◆ RAW DATA:
══════════

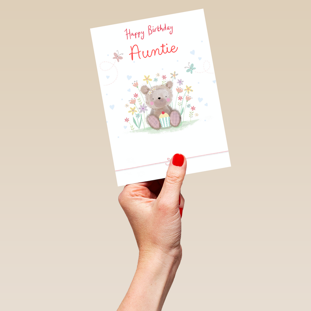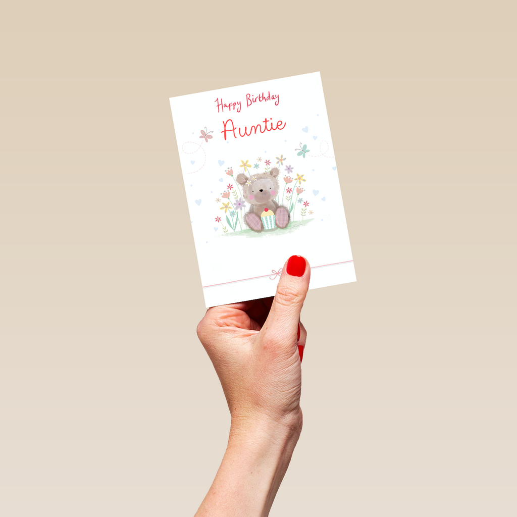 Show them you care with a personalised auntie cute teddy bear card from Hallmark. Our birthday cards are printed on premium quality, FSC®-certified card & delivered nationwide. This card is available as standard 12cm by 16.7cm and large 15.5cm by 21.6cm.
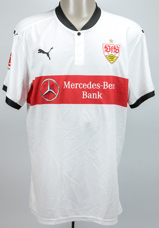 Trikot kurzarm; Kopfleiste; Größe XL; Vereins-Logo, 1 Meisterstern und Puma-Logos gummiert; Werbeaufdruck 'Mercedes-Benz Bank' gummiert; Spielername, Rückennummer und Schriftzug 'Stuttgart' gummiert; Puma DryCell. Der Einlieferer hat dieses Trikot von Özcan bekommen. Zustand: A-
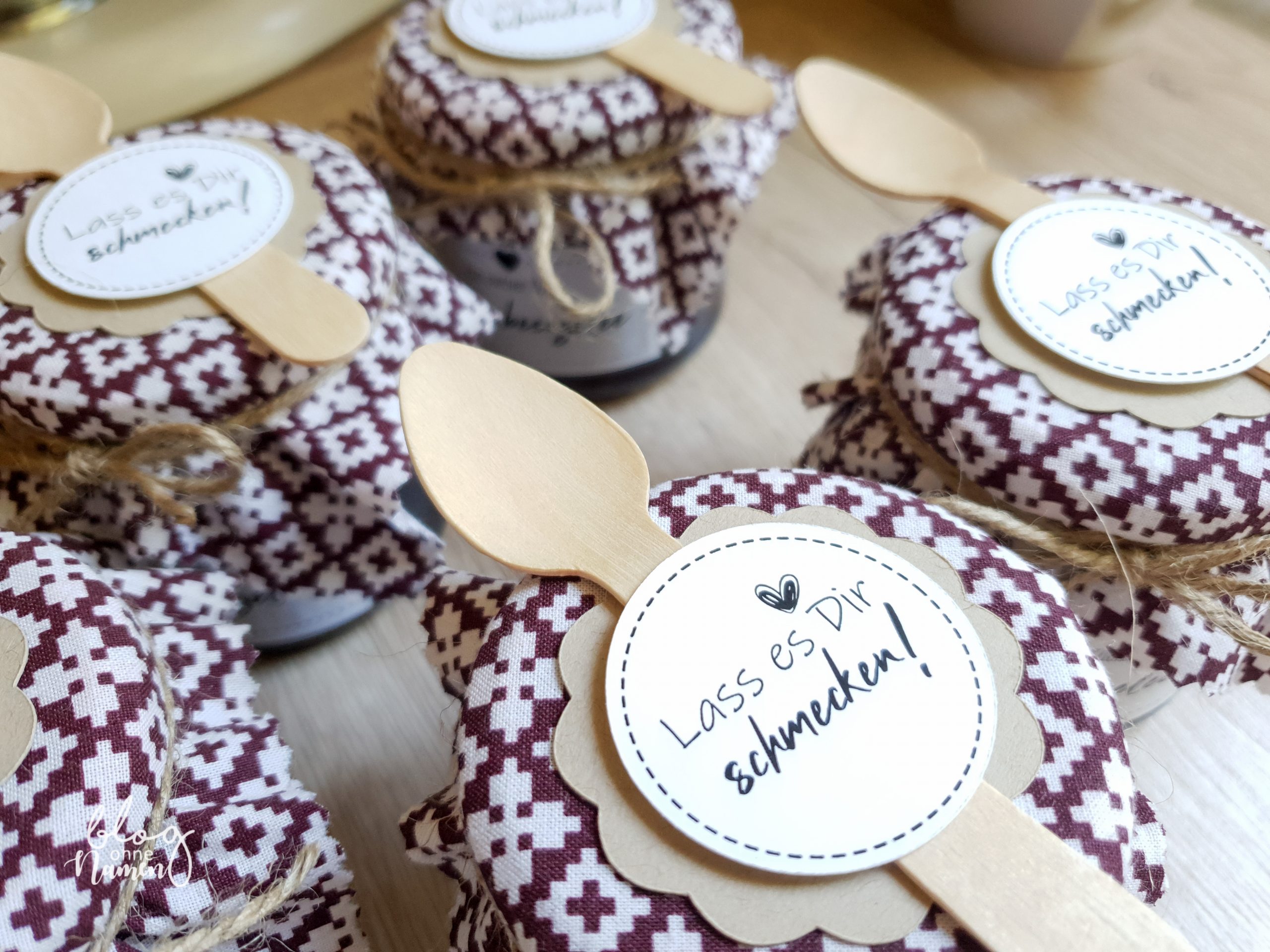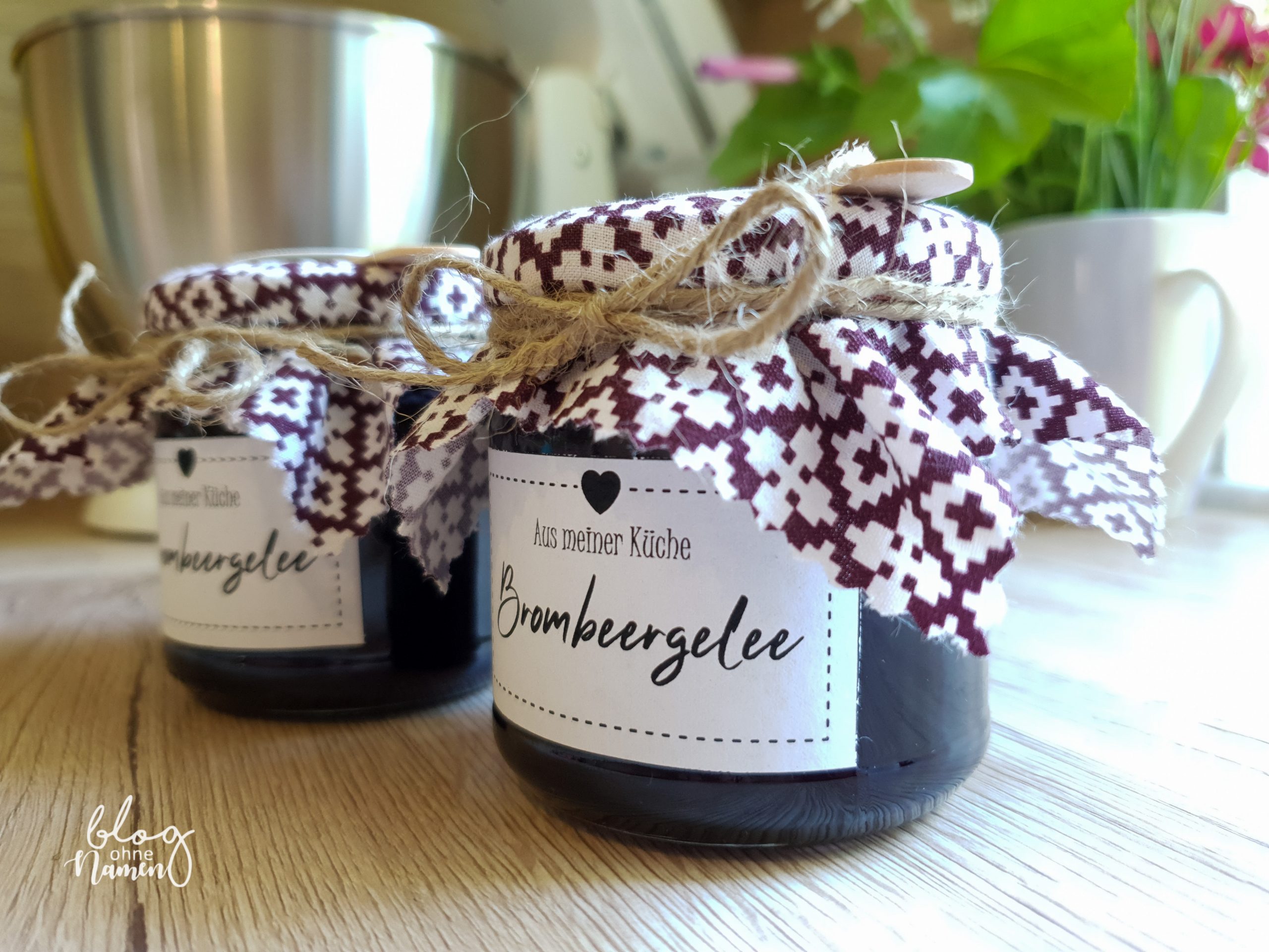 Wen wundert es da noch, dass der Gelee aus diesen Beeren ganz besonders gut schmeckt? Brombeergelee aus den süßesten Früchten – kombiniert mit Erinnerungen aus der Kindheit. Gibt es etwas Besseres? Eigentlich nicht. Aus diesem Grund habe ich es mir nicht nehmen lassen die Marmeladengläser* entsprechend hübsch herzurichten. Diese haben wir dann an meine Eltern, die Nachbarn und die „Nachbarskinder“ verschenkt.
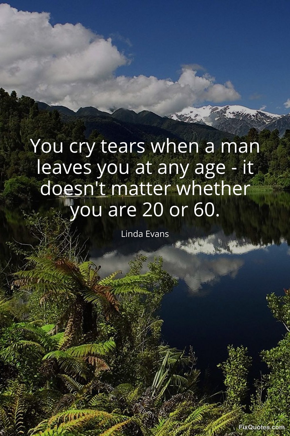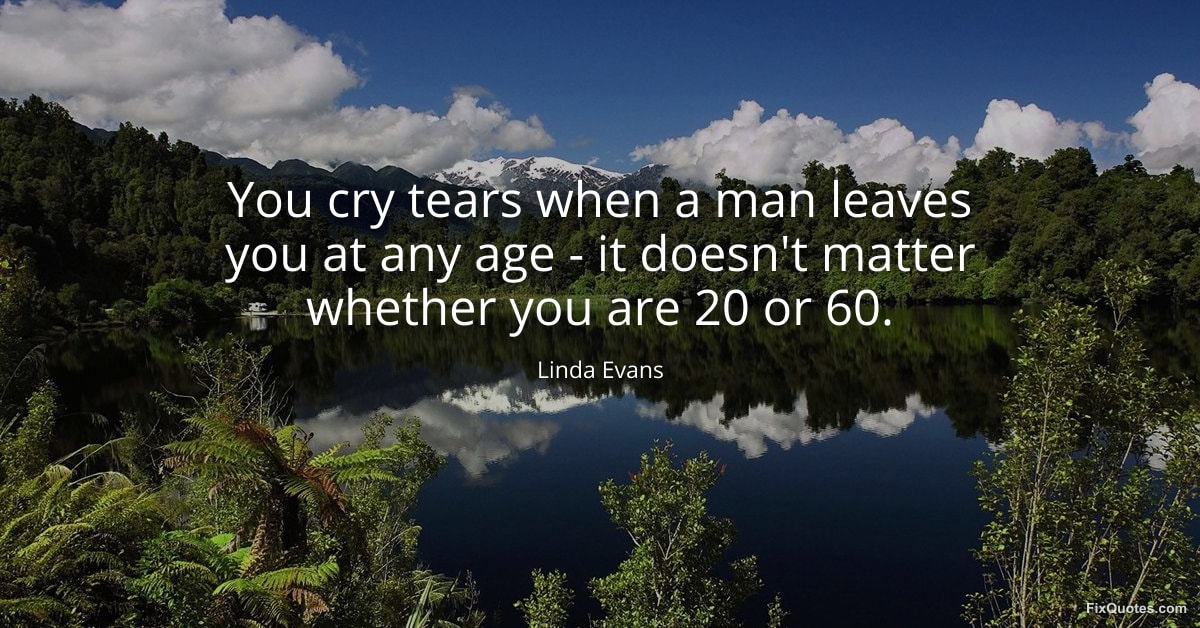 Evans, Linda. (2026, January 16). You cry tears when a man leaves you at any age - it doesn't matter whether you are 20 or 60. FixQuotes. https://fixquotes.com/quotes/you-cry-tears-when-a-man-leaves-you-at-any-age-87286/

══════════

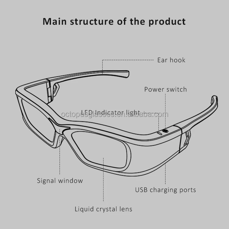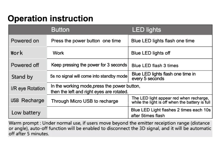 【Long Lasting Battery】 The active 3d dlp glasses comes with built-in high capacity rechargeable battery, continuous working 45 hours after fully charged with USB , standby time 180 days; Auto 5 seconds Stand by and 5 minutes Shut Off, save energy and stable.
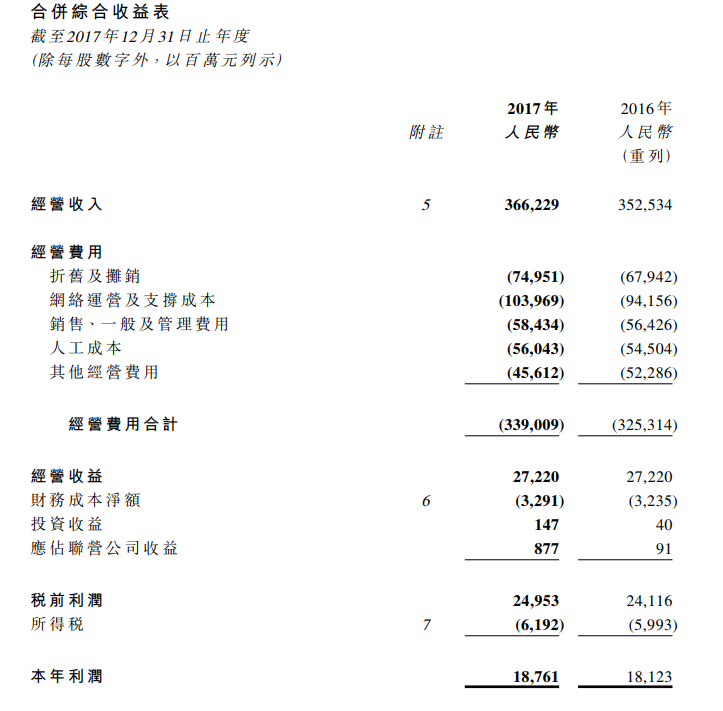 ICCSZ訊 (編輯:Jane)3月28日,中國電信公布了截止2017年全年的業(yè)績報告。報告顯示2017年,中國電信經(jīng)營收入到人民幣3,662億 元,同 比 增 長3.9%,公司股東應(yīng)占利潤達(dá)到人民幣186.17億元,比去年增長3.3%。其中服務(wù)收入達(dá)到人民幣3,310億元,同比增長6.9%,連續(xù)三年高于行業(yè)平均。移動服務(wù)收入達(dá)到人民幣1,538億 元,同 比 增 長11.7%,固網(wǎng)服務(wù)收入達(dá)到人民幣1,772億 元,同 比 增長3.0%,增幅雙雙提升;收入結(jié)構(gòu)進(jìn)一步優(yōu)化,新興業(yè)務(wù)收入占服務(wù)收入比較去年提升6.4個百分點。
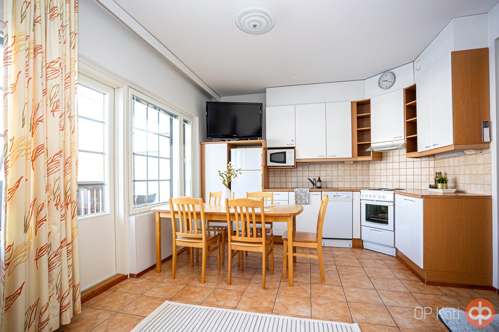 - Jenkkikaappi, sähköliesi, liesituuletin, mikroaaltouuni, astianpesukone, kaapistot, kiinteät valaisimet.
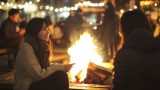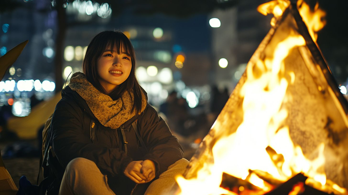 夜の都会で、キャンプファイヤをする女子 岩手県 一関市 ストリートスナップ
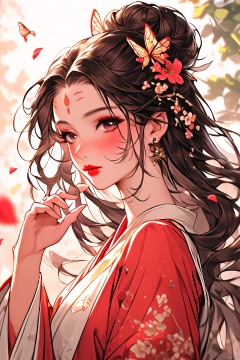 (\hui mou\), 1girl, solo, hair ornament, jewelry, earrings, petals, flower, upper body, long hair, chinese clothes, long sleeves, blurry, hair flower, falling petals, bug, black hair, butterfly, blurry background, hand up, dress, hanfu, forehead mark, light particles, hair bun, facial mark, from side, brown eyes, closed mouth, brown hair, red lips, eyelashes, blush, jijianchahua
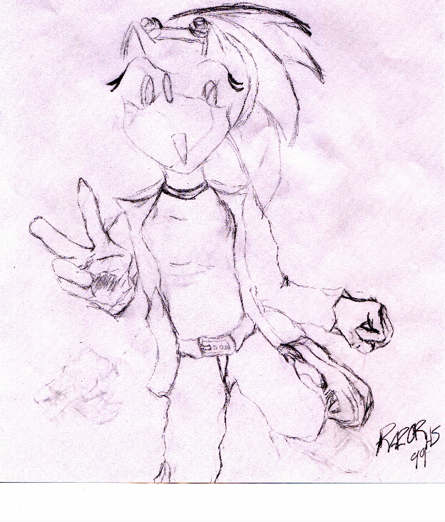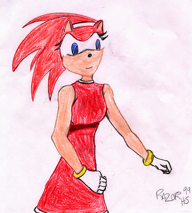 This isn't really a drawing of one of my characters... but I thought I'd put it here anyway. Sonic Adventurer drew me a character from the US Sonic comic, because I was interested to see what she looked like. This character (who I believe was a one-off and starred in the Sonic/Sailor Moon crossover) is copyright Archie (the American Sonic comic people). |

══════════

◆ WHAT THE TASK ASKS: Nothing but the lines above, starting at the line that contains "kaapistot, kiinteät valaisimet." and ending at the line that contains "(\hui mou\), 1girl, solo, hair", should be given again, exactly and without the pictures.

◆ YOUR SOLUTION:
 - Jenkkikaappi, sähköliesi, liesituuletin, mikroaaltouuni, astianpesukone, kaapistot, kiinteät valaisimet.
 夜の都会で、キャンプファイヤをする女子 岩手県 一関市 ストリートスナップ
 (\hui mou\), 1girl, solo, hair ornament, jewelry, earrings, petals, flower, upper body, long hair, chinese clothes, long sleeves, blurry, hair flower, falling petals, bug, black hair, butterfly, blurry background, hand up, dress, hanfu, forehead mark, light particles, hair bun, facial mark, from side, brown eyes, closed mouth, brown hair, red lips, eyelashes, blush, jijianchahua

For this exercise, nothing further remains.